Country music legend, Loretta Lynn, who revolutionized the role of women in Nashville, has died. She was 90.
Her family confirmed that she passed away at her residence in Hurricane Mills, Tennessee.
“Our precious mom, Loretta Lynn, passed away peacefully this morning, October 4th, in her sleep at home in her beloved ranch in Hurricane Mills,” the family said. They asked for privacy as they grieve and said a memorial will be announced later.
“It is not enough to say today that country music has lost Loretta Lynn, but rather the world has lost a true music legend,” says Sarah Trahern, CEO of the Country Music Association.
“Loretta was a woman whose contributions and impact inspired countless artists and transformed the country genre into a universal art form.
“She was a Country Music Hall of Fame member and the first woman to receive a CMA Award for Entertainer of the Year. As a trailblazing songwriter, she bravely wrote about socially and culturally relevant topics that came to define a generation. I’ll personally remember Loretta for her spirit, artistry and genius that rivaled contemporaries like Bob Dylan, John Lennon, and Paul McCartney.”
She was born Loretta Webb in 1932, one of eight Webb children raised in Butcher Hollow in the Appalachian mining town of Van Lear, Kentucky.
Growing up, Lynn sang in church and at home, even as her father protested that everyone in Butcher Hollow could hear.
Lynn, who had no formal music training but spent hours every day singing her babies to sleep, was known to churn out fully textured songs in a matter of minutes. She just wrote what she knew.
Her family had little money. But those early years were some of her fondest memories, as she recounts in her 1971 hit, “Coal Miner’s Daughter”: “We were poor but we had love; That’s the one thing that daddy made sure of.”
As a young teenager, Loretta met the love of her life in Oliver “Doolittle” Lynn, whom she affectionately called “Doo.”
The pair married when Lynn was 15 — a fact cleared up in 2012, after the Associated Press discovered Lynn was a few years older than she had said she was in her memoir — and Lynn gave birth to their first of six children the same year
She lived in poverty for much of her early life, began having kids by age 17.

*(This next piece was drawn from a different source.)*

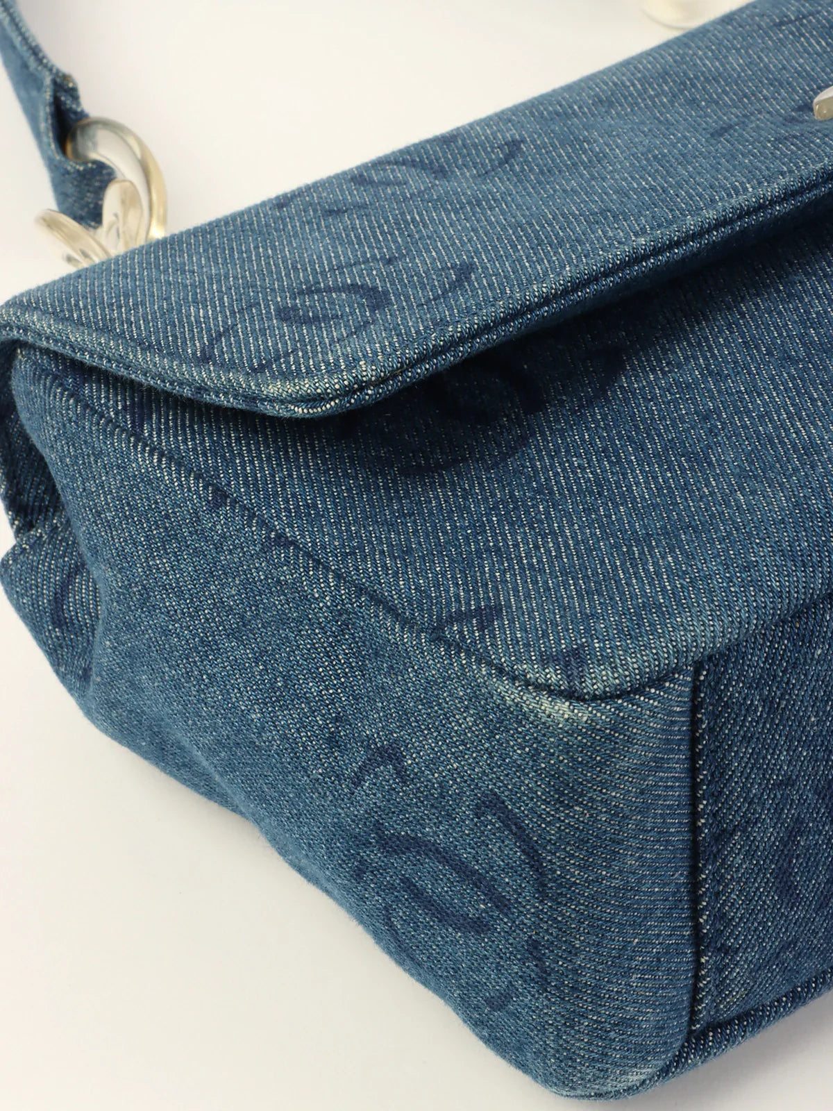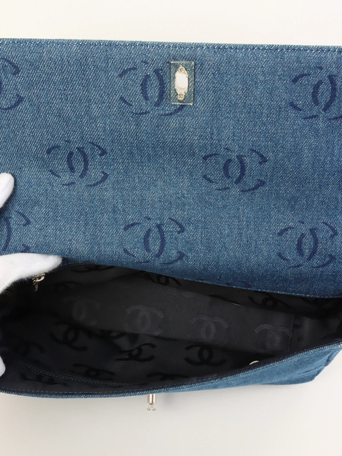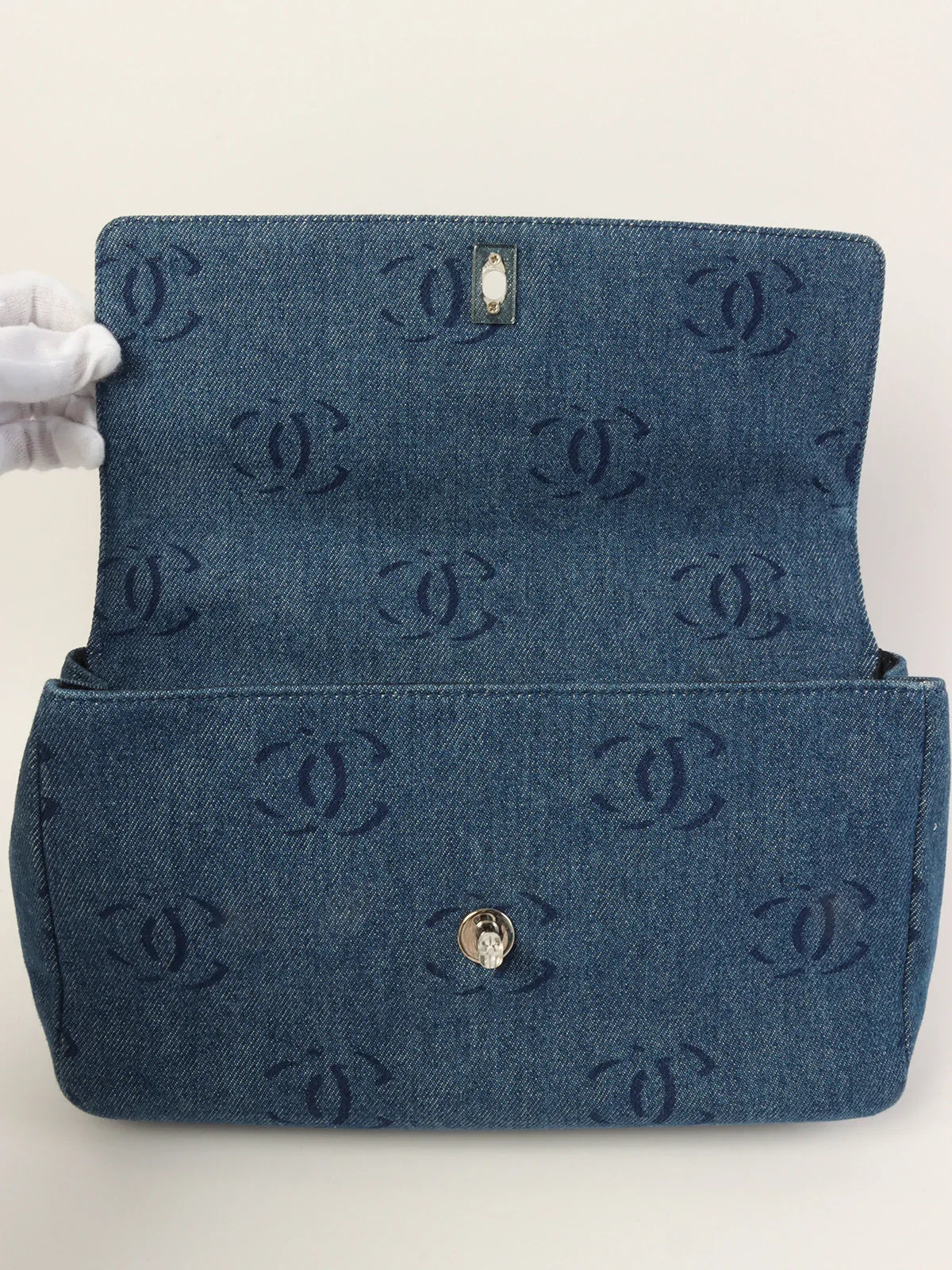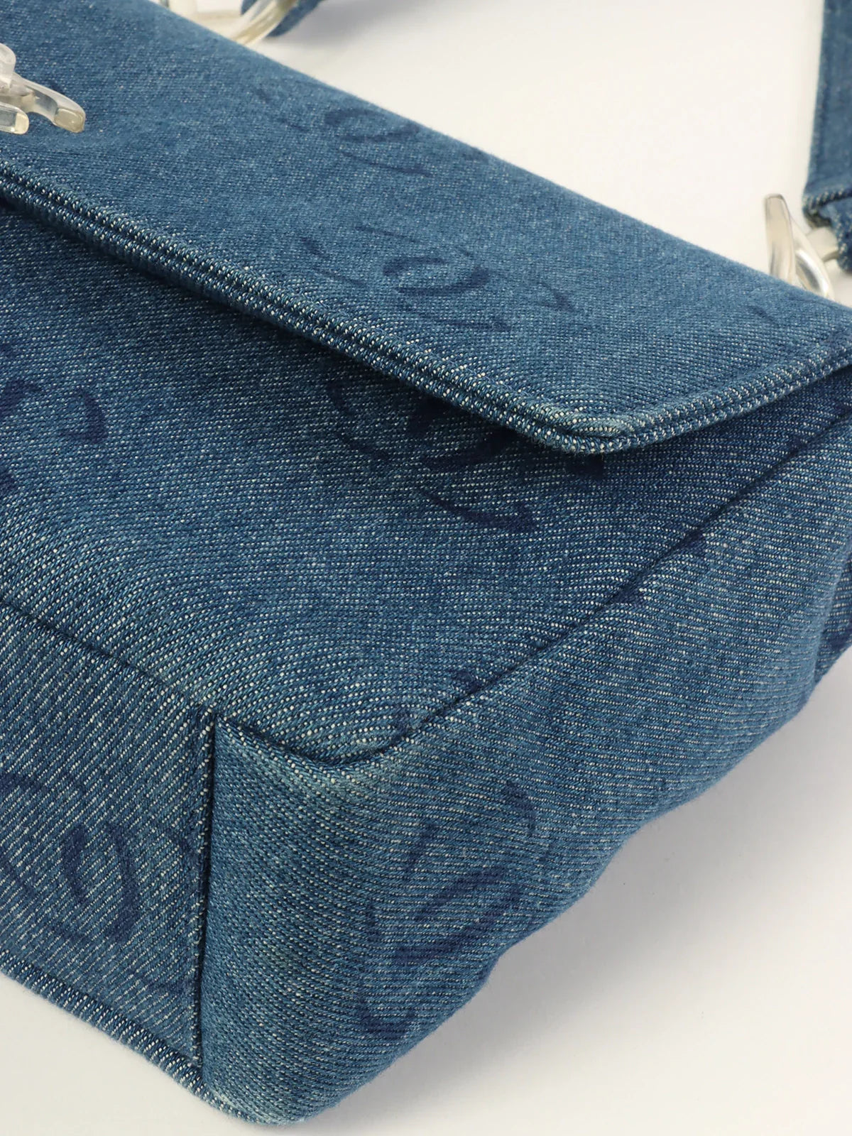 CHANEL Around 2001 Made Denim Clear Turn-Lock Chain Bag Indigo

The couple soon headed to Washington state in search of jobs.
Music wasn’t a priority for the young mother at first. She’d spend her days working, mostly, picking strawberries in Washington state while her babies sat on a blanket nearby.
But when her husband heard her humming tunes and soothing their babies to sleep, he said she sounded better than the girl singers on the radio.
He bought her a $17 Harmony guitar and got her a gig at a local tavern.
She spent years married to a man prone to drinking and philandering — all of which became material for her plainspoken songs.
Lynn’s life was rich with experiences most country stars of the time hadn’t had for themselves — but her female fans knew them intimately.
Lynn scored hits with fiery songs like “Don’t Come Home A’ Drinkin’ (With Lovin’ On Your Mind)” and “You Ain’t Woman Enough (To Take My Man),” which topped the country charts in 1966 and made her the first female country singer to write a No. 1 hit.
Her songs recounted family history, skewered lousy husbands and commiserated with women, wives and mothers everywhere.
The success of her first single landed Lynn on the stage of the Grand Ole Opry in Nashville and, soon, a contract with Decca Records. She quickly befriended country star Patsy Cline, who guided her through the fame and fashion of country stardom until her shocking death in a plane crash in 1963.
She documented her upbringing in the bestselling 1976 memoir “Coal Miner’s Daughter,” co-written with George Vecsey.
A 1980 biographical film by the same name won an Academy Award for actress Sissy Spacek and brought Lynn wider fame.
Lynn’s success also helped launch the music careers of her sisters, Peggy Sue Wright and Crystal Gayle.
Lynn won numerous awards throughout her career, including three Grammys and many honors from the Academy of Country Music.
She earned Grammys for her 1971 duet with Conway Twitty, “After the Fire is Gone,” and for the 2004 album “Van Lear Rose,” a collaboration with Jack White of the White Stripes that introduced her to a new generation of fans.